**Data for review:**
--- START ---

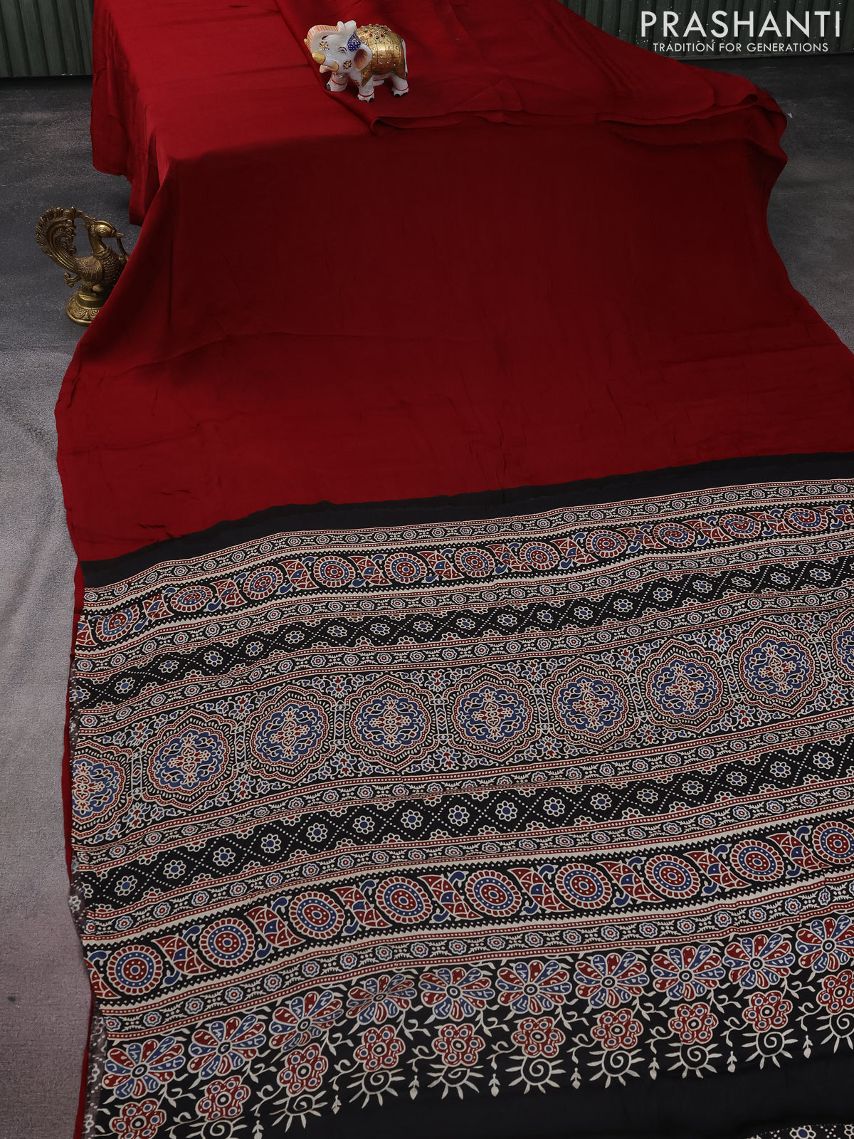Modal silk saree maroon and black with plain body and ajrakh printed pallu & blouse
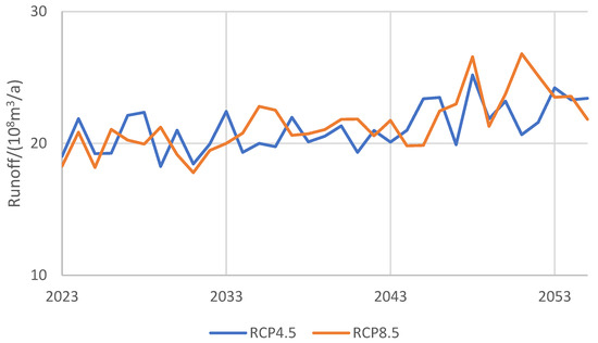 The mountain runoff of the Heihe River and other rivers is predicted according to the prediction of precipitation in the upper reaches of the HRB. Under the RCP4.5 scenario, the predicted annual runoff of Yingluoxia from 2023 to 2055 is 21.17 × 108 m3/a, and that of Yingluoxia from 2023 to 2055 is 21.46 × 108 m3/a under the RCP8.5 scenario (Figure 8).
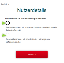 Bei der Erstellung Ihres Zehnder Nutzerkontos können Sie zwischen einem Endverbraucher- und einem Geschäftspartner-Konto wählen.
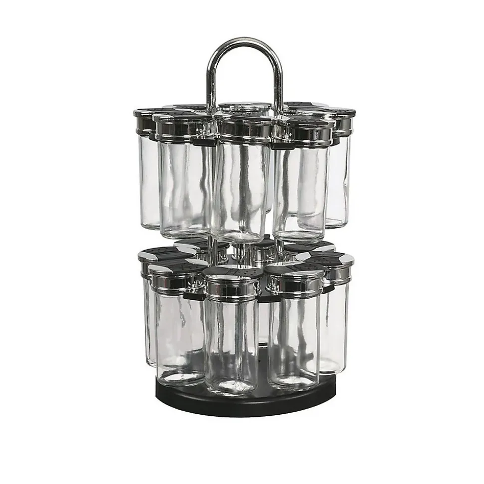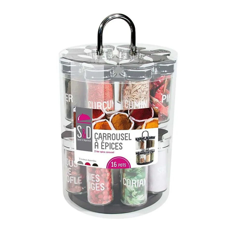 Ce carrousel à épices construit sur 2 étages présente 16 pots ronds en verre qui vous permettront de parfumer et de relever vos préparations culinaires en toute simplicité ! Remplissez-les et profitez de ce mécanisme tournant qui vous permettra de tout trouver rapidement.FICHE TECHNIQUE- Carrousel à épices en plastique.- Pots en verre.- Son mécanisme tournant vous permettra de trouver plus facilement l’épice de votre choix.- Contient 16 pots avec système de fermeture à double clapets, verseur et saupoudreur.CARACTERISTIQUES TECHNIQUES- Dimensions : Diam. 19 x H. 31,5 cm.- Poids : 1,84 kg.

--- END ---
--- START ---

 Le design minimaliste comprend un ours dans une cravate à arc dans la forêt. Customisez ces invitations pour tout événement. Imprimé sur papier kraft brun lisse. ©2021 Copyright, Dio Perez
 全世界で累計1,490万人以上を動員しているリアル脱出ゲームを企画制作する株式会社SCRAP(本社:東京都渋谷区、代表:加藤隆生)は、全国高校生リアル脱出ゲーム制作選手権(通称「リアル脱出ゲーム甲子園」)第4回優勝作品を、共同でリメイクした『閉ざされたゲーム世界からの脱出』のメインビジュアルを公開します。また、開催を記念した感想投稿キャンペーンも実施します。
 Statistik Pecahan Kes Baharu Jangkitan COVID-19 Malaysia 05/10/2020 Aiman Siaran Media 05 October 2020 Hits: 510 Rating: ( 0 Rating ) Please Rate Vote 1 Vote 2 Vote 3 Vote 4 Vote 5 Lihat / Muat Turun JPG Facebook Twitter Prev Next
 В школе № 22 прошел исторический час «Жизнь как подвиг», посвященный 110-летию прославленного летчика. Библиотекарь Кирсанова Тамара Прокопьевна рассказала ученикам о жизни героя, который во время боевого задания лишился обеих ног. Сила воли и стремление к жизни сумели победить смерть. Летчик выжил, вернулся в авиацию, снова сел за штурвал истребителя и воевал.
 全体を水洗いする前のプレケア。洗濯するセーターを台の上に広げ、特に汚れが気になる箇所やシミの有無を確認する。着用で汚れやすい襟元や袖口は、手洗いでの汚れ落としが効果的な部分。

--- END ---

**Exercise details:**
Retype exactly the lines above, from the one with "Le design minimaliste" through the one with "Statistik Pecahan Kes", inclusive.

**Reply:**
 Le design minimaliste comprend un ours dans une cravate à arc dans la forêt. Customisez ces invitations pour tout événement. Imprimé sur papier kraft brun lisse. ©2021 Copyright, Dio Perez
 全世界で累計1,490万人以上を動員しているリアル脱出ゲームを企画制作する株式会社SCRAP(本社:東京都渋谷区、代表:加藤隆生)は、全国高校生リアル脱出ゲーム制作選手権(通称「リアル脱出ゲーム甲子園」)第4回優勝作品を、共同でリメイクした『閉ざされたゲーム世界からの脱出』のメインビジュアルを公開します。また、開催を記念した感想投稿キャンペーンも実施します。
 Statistik Pecahan Kes Baharu Jangkitan COVID-19 Malaysia 05/10/2020 Aiman Siaran Media 05 October 2020 Hits: 510 Rating: ( 0 Rating ) Please Rate Vote 1 Vote 2 Vote 3 Vote 4 Vote 5 Lihat / Muat Turun JPG Facebook Twitter Prev Next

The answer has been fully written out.